— Я казню таких, как ты, Матвей. Неприкаянных душ. Магов смерти. Отступников. Заговорщиков.
— Отчаянное признание, — хмыкнул я. — Учитывая, что ты в моей власти, самоубийственное. Но-но, Аннушка, без резких движений. Помнишь же, я убивать в Гнили не должен. Это не значит, что я не стану защищаться.
— А за Гнилью?
— А вне Гнили — пожалуйста. Но мы с тобой договоримся. Твоя жизнь мне без надобности.
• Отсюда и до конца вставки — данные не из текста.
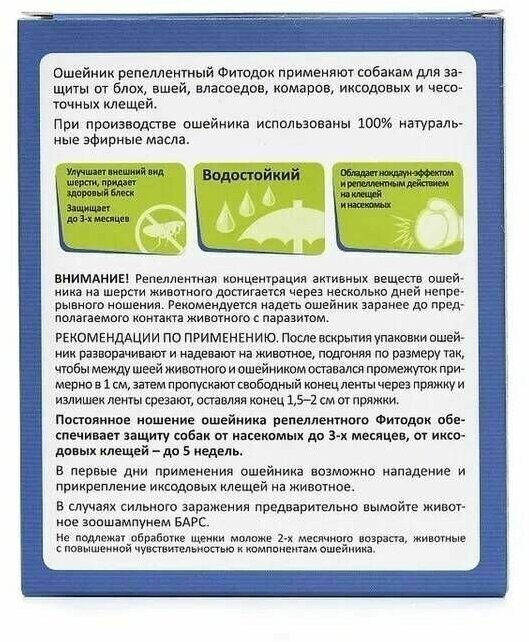 Репелентные ошейники, ошейники на эфирных маслах, безвредные ошейники от блох и клещей. Ошейник представляет собой полимерную ленту для собак от светло-синего до темно-синего цвета, для кошек от светло-бирюзового до темно-бирюзового цвета со слабым специфическим запахом, с фиксатором. Ошейник репеллентный Фитодок выпускают длиной 80см (для крупных собак), 50см (для средних собак) и 35см (для мелких собак и кошек), в герметично закрытом бумажном пакете, упакованным в картонную пачку. Обладает выраженным репеллентным действием в отношении иксодовых и чесоточных клещей, а также блох, вшей и власоедов, паразитирующих у собак и кошек.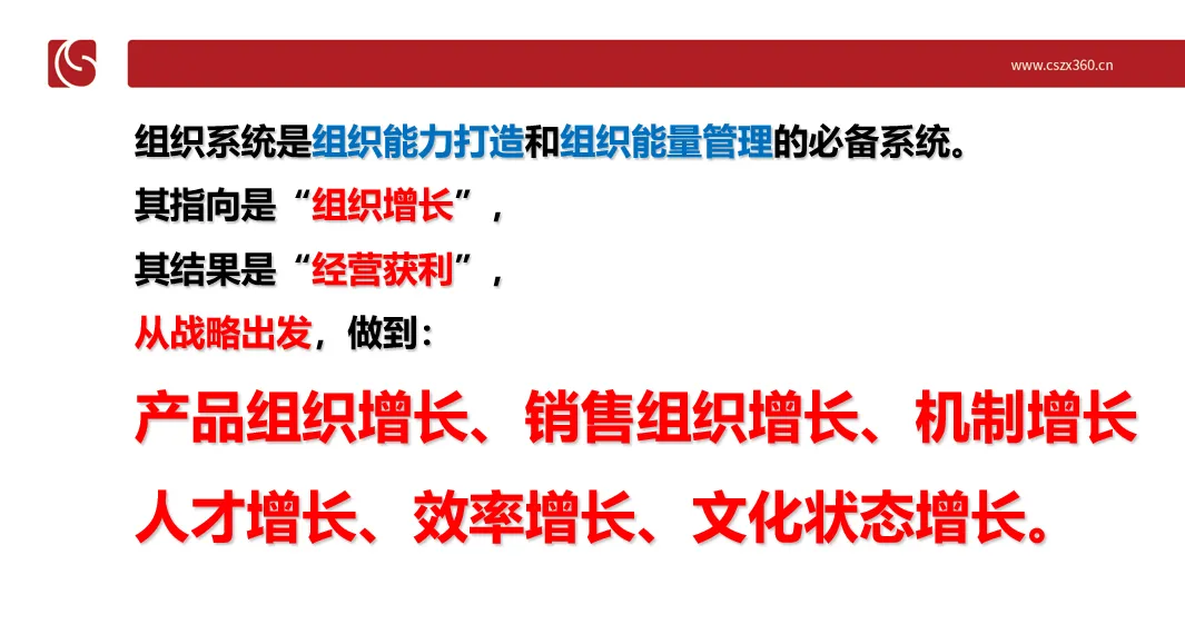 组织系统:是从战略出发和从人的方面着手,为企业实现增长目标、梳理升级打造企业的股权顶层设计、企业战略目标、经营流程、组织架构、工作分析、薪酬设计、绩效考核、经营分析、招聘管理、培训体系、职业生涯规划等,让企业管理系统自循环。目的是:管好人、用好人、激活人,让企业系统托管解放老板!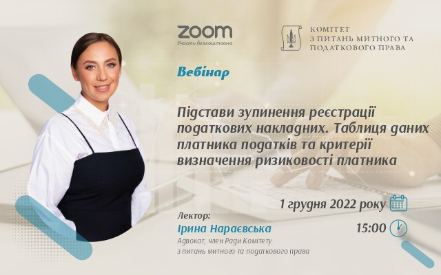 1 грудня о 15:00 НААУ за ініціативою Комітету з питань митного та податкового права організовує вебінар на тему «Підстави зупинення реєстрації податкових накладних. Таблиця даних платник...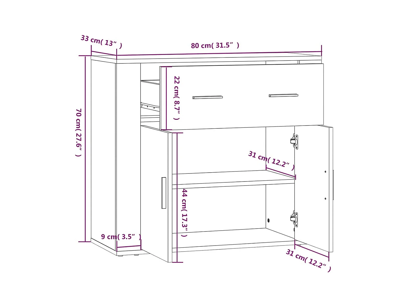 Buffet Sonoma gris 80x33x70 cm Bois d'ingénierie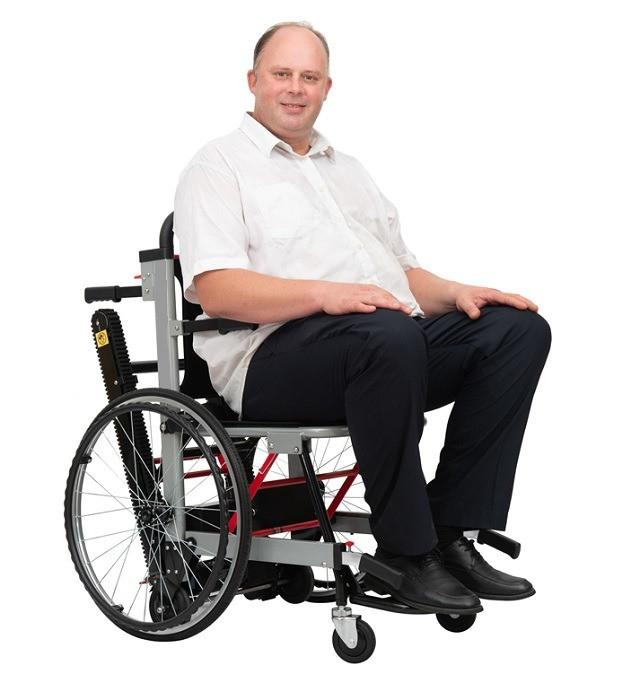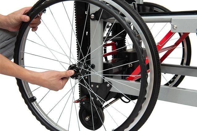 Отличительна черта этого лестничного подьемника - возможность снять или поставить активные колеса.
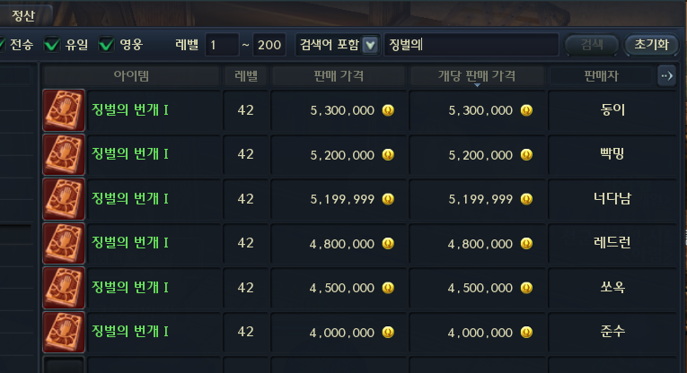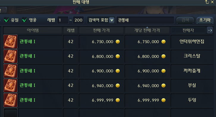 스킬북 파티가 있을정도로 매물이 없습니다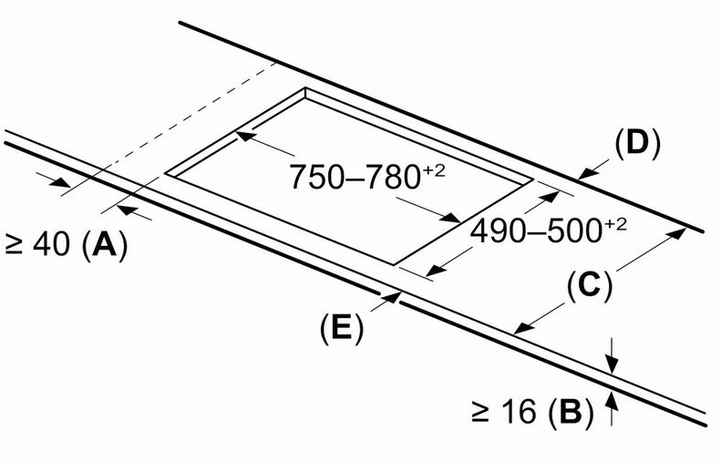 Характер огранки фаски на внешней стороне варочной панели. Металлические рамки предотвращают забивание монтажных швов крошками и пылью.
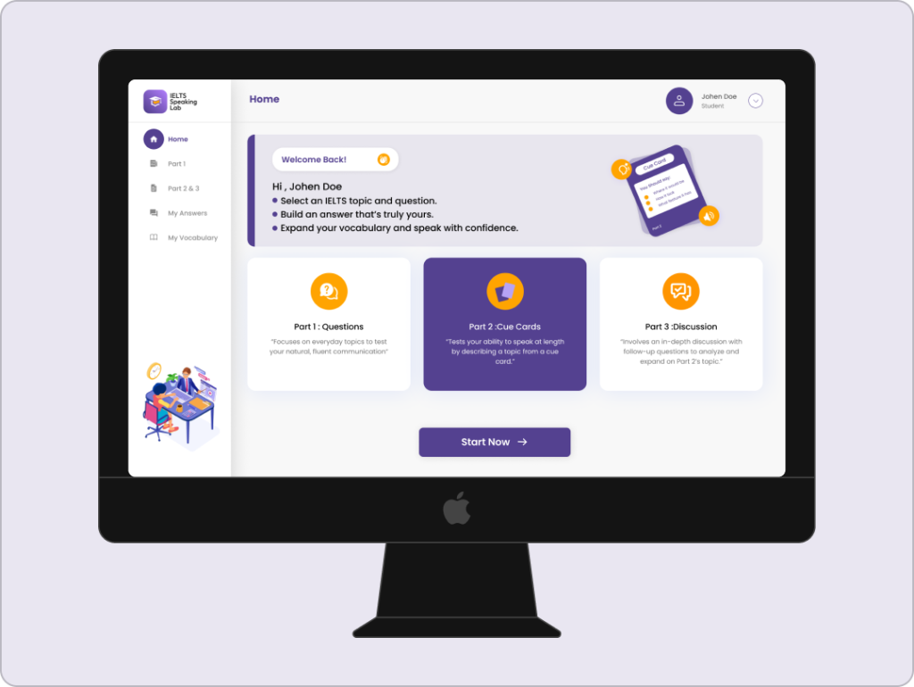 IELTS learners want fast improvement, immediate feedback, and simple tools that keep them moving. The client wanted a platform that delivered exactly that: AI-powered practice with real-world exam flow, a clean UI, and progress tracking that actually helps students improve.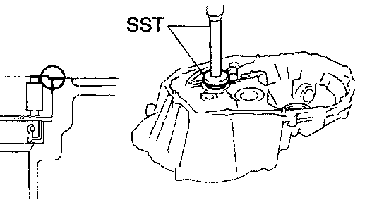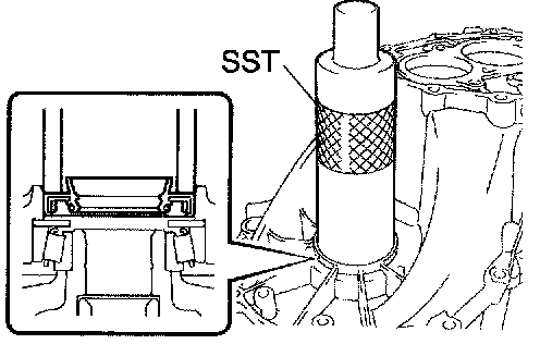 a. Using SST and a hammer, install a new transmission case oil seal to the manual transmission case.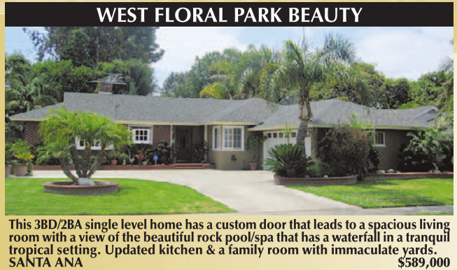 This 3BD/2BA single level home has a custom door that leads to a spacious living room with a view of the beautiful rock pool/spa that has a waterfall in a tranquil tropical setting. Updated kitchen & a family room with immaculate yards. SANTA ANA $589,000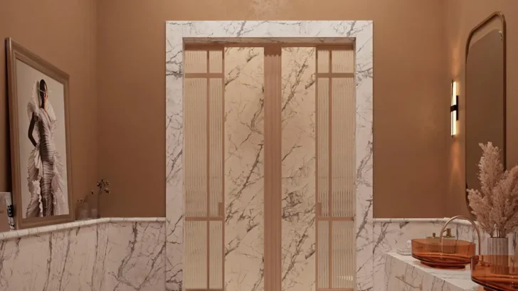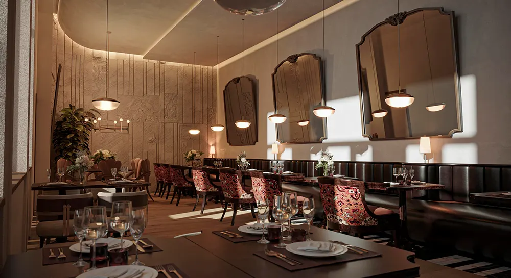Soft curves, sculptural forms, and warm tones respond to preserved facades and ornamental stonework. Limestone-inspired palettes, brushed brass, and muted shades reflect the city’s architectural character. Neo-classical motifs appear alongside bespoke Parisian furnishings dressed in textiles referencing Romanian culture.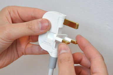 Choi's plug is just 10mm wide when folded. To unfold it, the two live pins swivel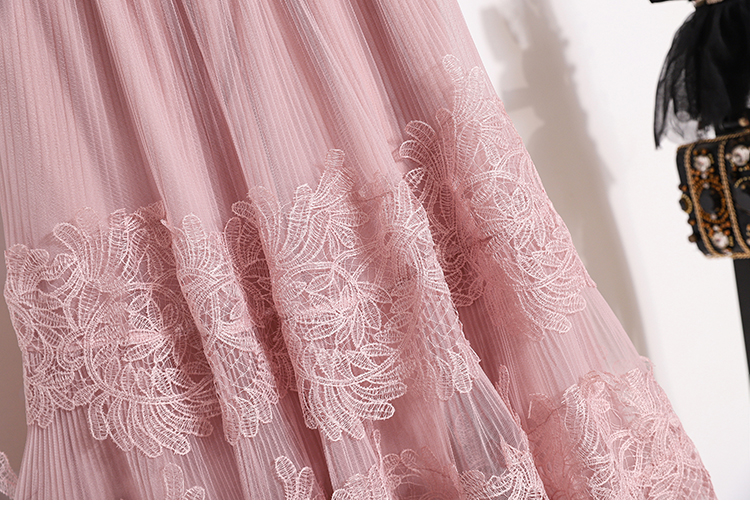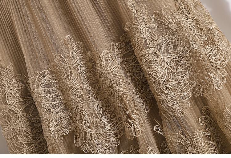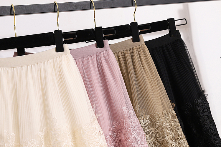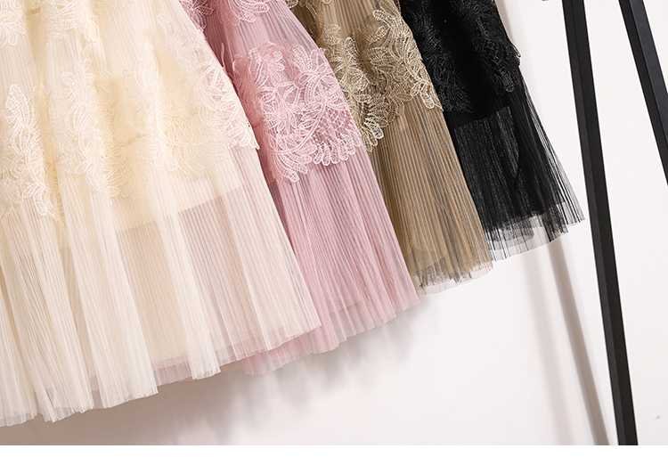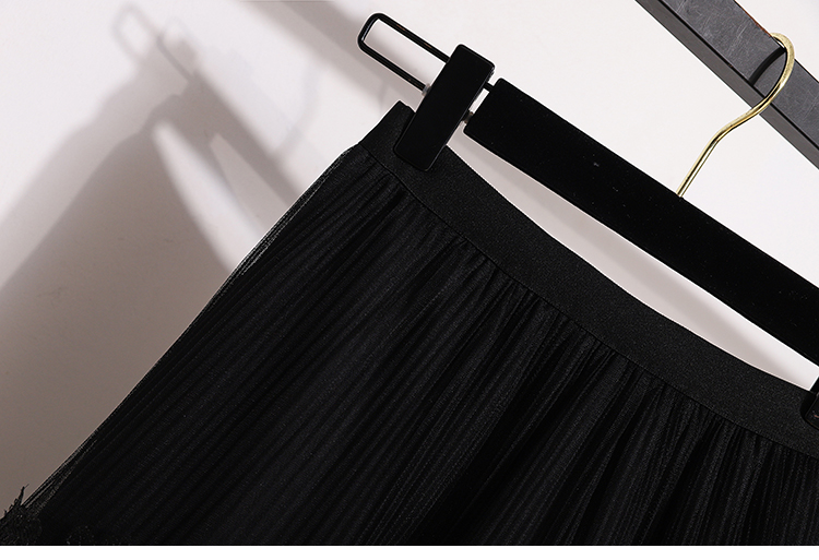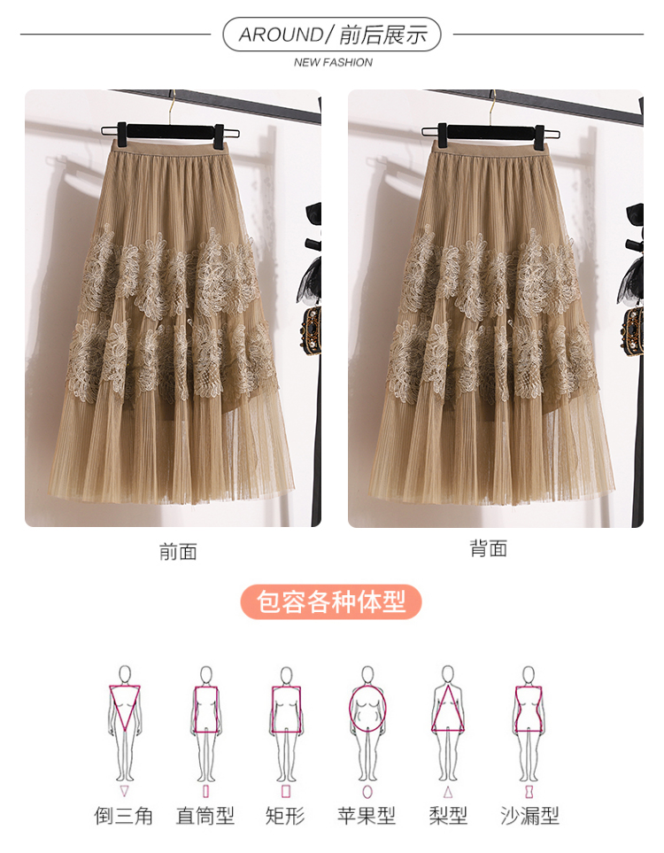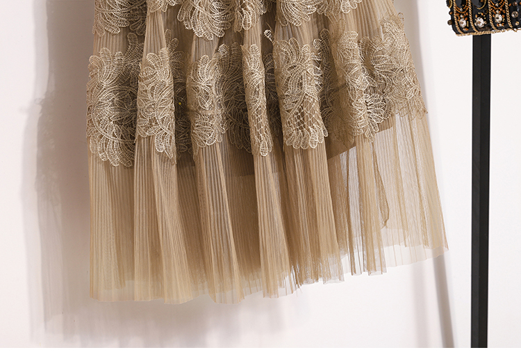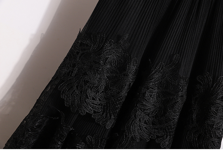 RM31360#网纱压褶大摆刺绣勾花重工蕾丝设计感中长款半身蛋糕裙女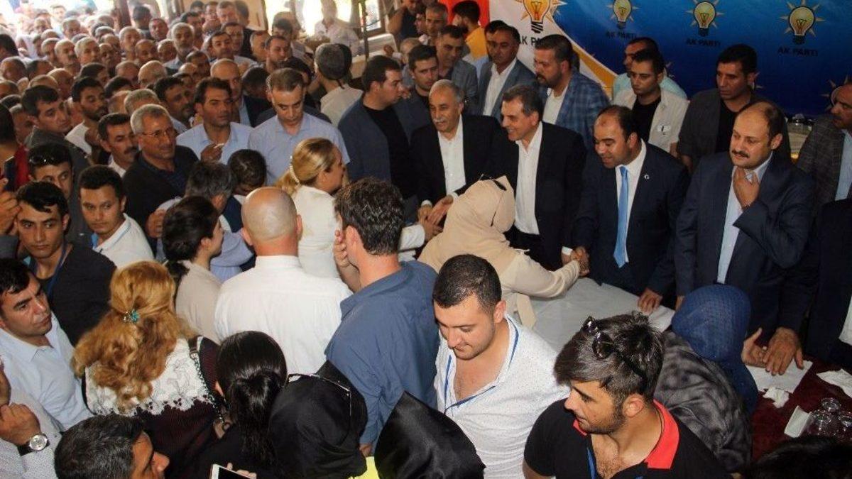 Gıda, Tarım ve Hayvancılık Bakanı Ahmet Eşref Fakıbaba, Şanlıurfa’da AK Parti il teşkilatının bayramlaşma programına katıldı.Kurban Bayramını memleketi Şanlıurfa’da geçiren Gıda, Tarım ve Hayvancılık Bakanı Ahmet Eşref Fakıbaba, AK Parti il başkanlığı tarafından bir düğün salonunda düzenlenen bayramlaşma programına katıldı. Milletvekilleri İbrahim Halil Yıldız, Halil Özcan, Kasım Gülpınar, Mahmut Kaçar ile belediye başkanlarının da hazır bulunduğu bayramlaşma programında Fakıbaba, uzun kuyruk oluşturan partililerle 2 saat boyunca tokalaştı. Binlerce kişinin katıldığı bayramlaşma programına görevliler de izdiham yaşanmaması için anonslarla uyarıda bulundu.Vatandaşlar, bütün bayramların huzur içerisinde geçmesini diledi.

А тебе моя позарез нужна. Жизнь. Настолько, что ты меня беречь должна, как зеницу ока. В государственных интересах. Много нас таких? Магов Смерти?
Аннушка немного успокоилась, но придвигаться обратно не спешила. Костёр отбрасывал блики на её лицо, отчего в жёлтых глазах плясало колдовское пламя.
— Нет. Я за пять лет службы двух… видела.
Печально. Значит, ни Артели, ни последователей, зато Гниль расползлась на всю страну. Молодцы, потомки, такое государство просрали. А мы ведь ведущую роль на мировой арене играли. Теперь, видать, Матвеюшке разгребать. Эх, хорошо, отец не дожил…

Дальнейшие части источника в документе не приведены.